The Thicket is a mystery/suspense novel written by American author Joe R. Lansdale. It was released by Mulholland Books on September 10, 2013. The title refers to Big Thicket, a heavily forested area in Southeast Texas. This book was selected by the Library Journal as one of the best historical fiction books of 2013. The trade paperback was issued on 10/14/14 by Mulholland Books.

==Premise==
Jack Parker thought that he had already seen his fair share of tragedy. His grandmother was killed in a farm accident when he was barely five years old. His parents have just succumbed to the smallpox epidemic sweeping turn-of-the-century East Texas—orphaning him and his younger sister, Lula.

Then a travelling group of bank robbers murder Jack's grandfather and kidnap his sister. So Jack enlists the only people he can: a bounty hunting dwarf named Shorty, a grave-digging son of an ex-slave named Eustace, and a street-smart woman-for-hire named Jimmie Sue who has come into some very intimate knowledge about the bandits.
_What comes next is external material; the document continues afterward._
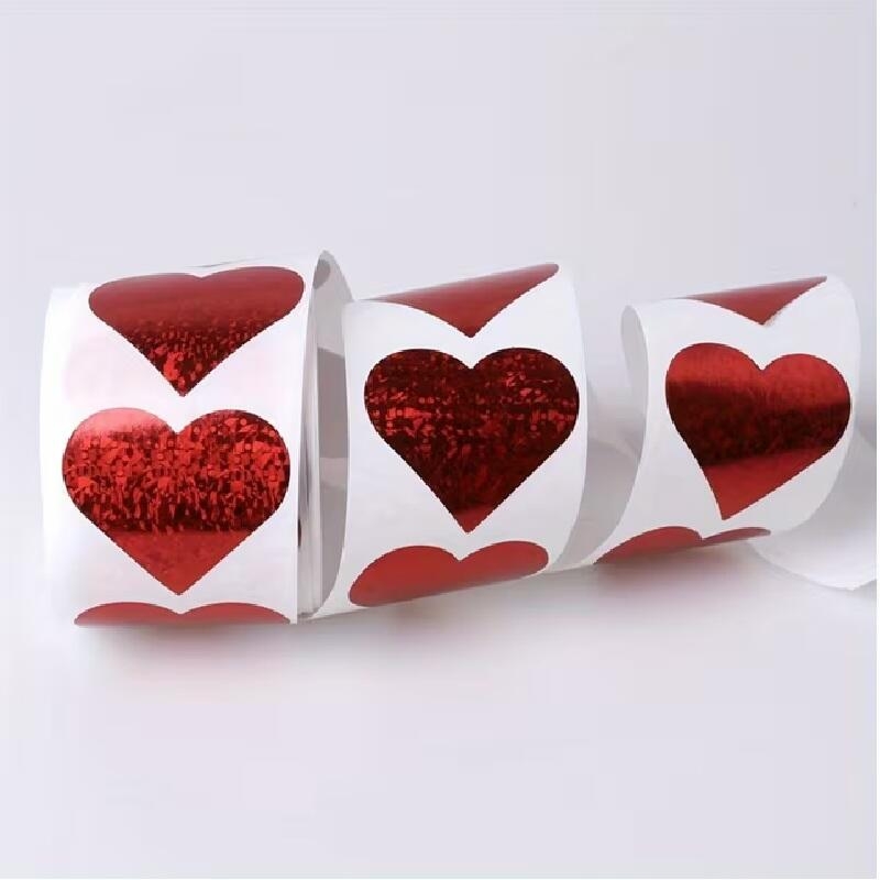 Autocollants cœur rouges pailletés – 50 pièces – Ø 2,54 cm

Together the rag-tag group trail the group of criminals into the Big Thicket where they hope to rescue Lula and collect the bounty on the heads of the bandits. Soon they discover that these are not your run of the mill bank robbers. They are vicious and sadistic killers and the prospect of rescuing Lula unharmed looks bleak.

==Film adaptation==

In 2014, it was announced that Gianni Nunnari was set to produce a film adaptation of The Thicket with Peter Dinklage set to star as Shorty.

In April 2019, Elliott Lester signed on to direct the film with Chris Kelley writing the screenplay.

In February 2020, Sophia Lillis, Noomi Rapace & Charlie Plummer joined the cast.

In March 2023, Juliette Lewis, Esmé Creed-Miles, Levon Hawke, Leslie Grace, Gbenga Akinnagbe,  Macon Blair, James Hetfield, Ned Dennehy, Andrew Schulz, and Arliss Howard joined the cast with Lewis, Hawke, and Creed-Miles replacing Rapace, Plummer, and Lillis, respectively.